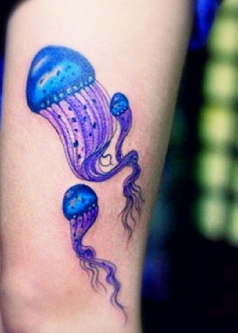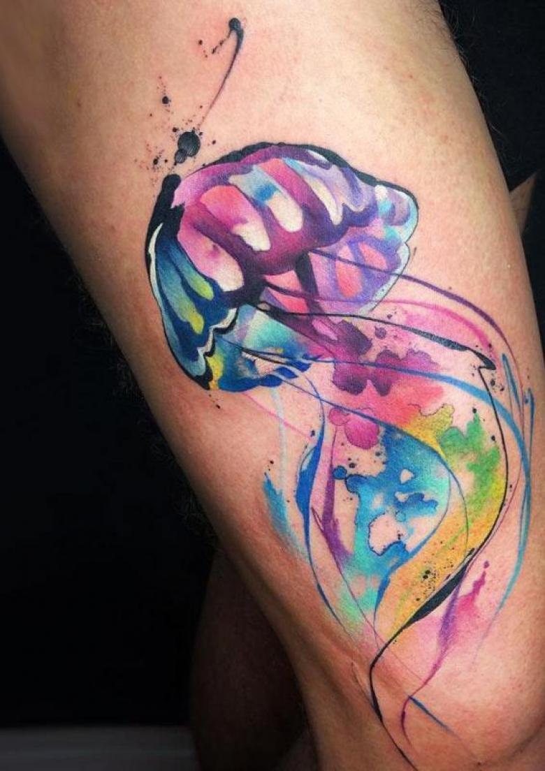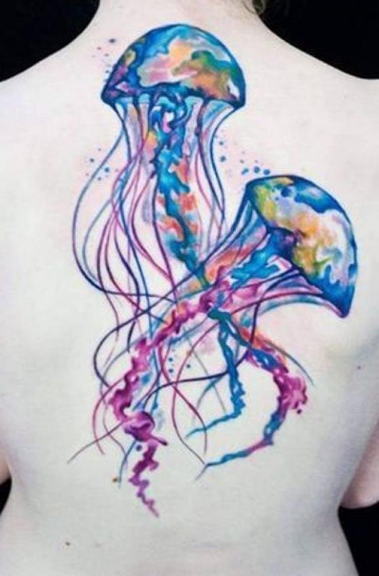 Le style aquarelle est très inhabituel et spectaculaire dans l'art du tatouage. Cette technique convient particulièrement à l'application du tatouage de la méduse, qui vit dans l'eau et s'intègre donc au style aquarelle. L'utilisation de nombreuses couleurs et nuances vives montre la confiance et la fermeté du porteur. Ce tatouage a également les significations suivantes : créativité, force, tranquillité.
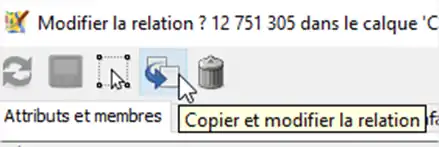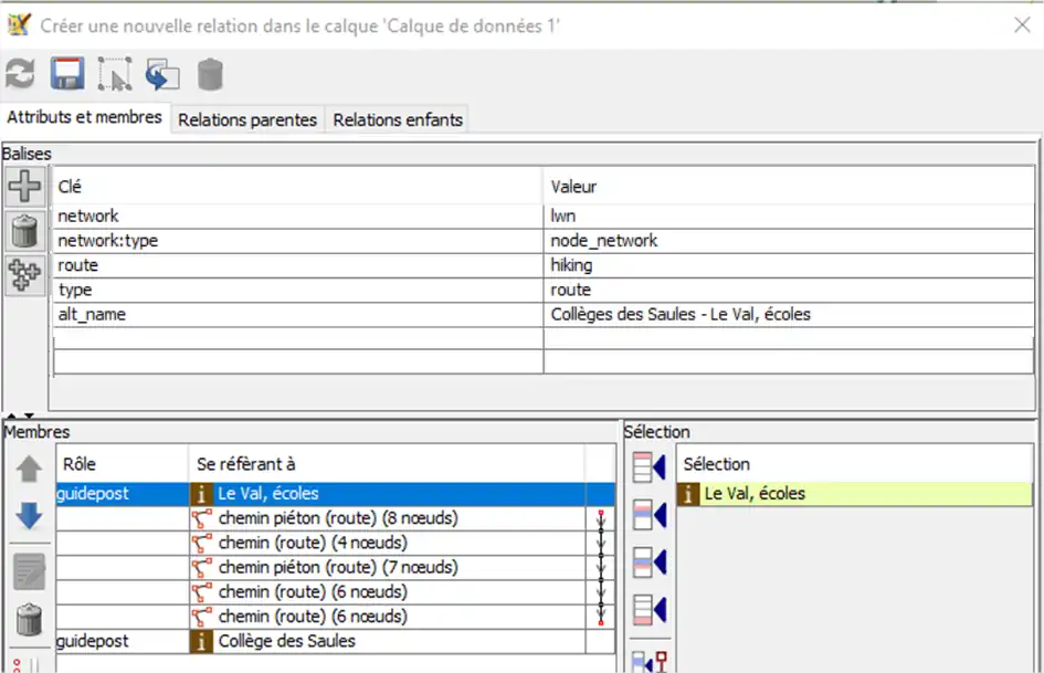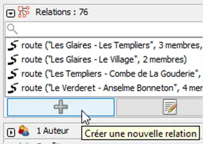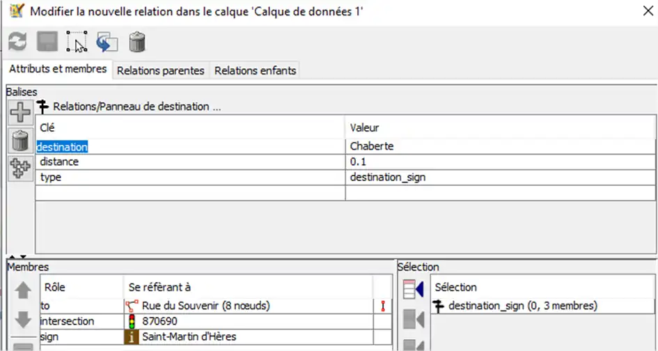 Modifier cette relation pour ajouter les carrefours et les itinéraires. Pour les itinéraires on peut utiliser la recherche de relation et double-cliquer dessus. Pour minimiser le nombre de recherche, on peut chercher un carrefour sur 2.
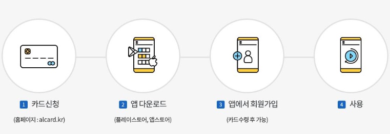 - 광역 알뜰교통카드 홈페이지 www.alcard.kr 에서 신청이 가능

**Aim of the task**
Here the job is to print all the data exactly, skipping any image.

**Solution to the problem**
 Le style aquarelle est très inhabituel et spectaculaire dans l'art du tatouage. Cette technique convient particulièrement à l'application du tatouage de la méduse, qui vit dans l'eau et s'intègre donc au style aquarelle. L'utilisation de nombreuses couleurs et nuances vives montre la confiance et la fermeté du porteur. Ce tatouage a également les significations suivantes : créativité, force, tranquillité.
 Modifier cette relation pour ajouter les carrefours et les itinéraires. Pour les itinéraires on peut utiliser la recherche de relation et double-cliquer dessus. Pour minimiser le nombre de recherche, on peut chercher un carrefour sur 2.
 - 광역 알뜰교통카드 홈페이지 www.alcard.kr 에서 신청이 가능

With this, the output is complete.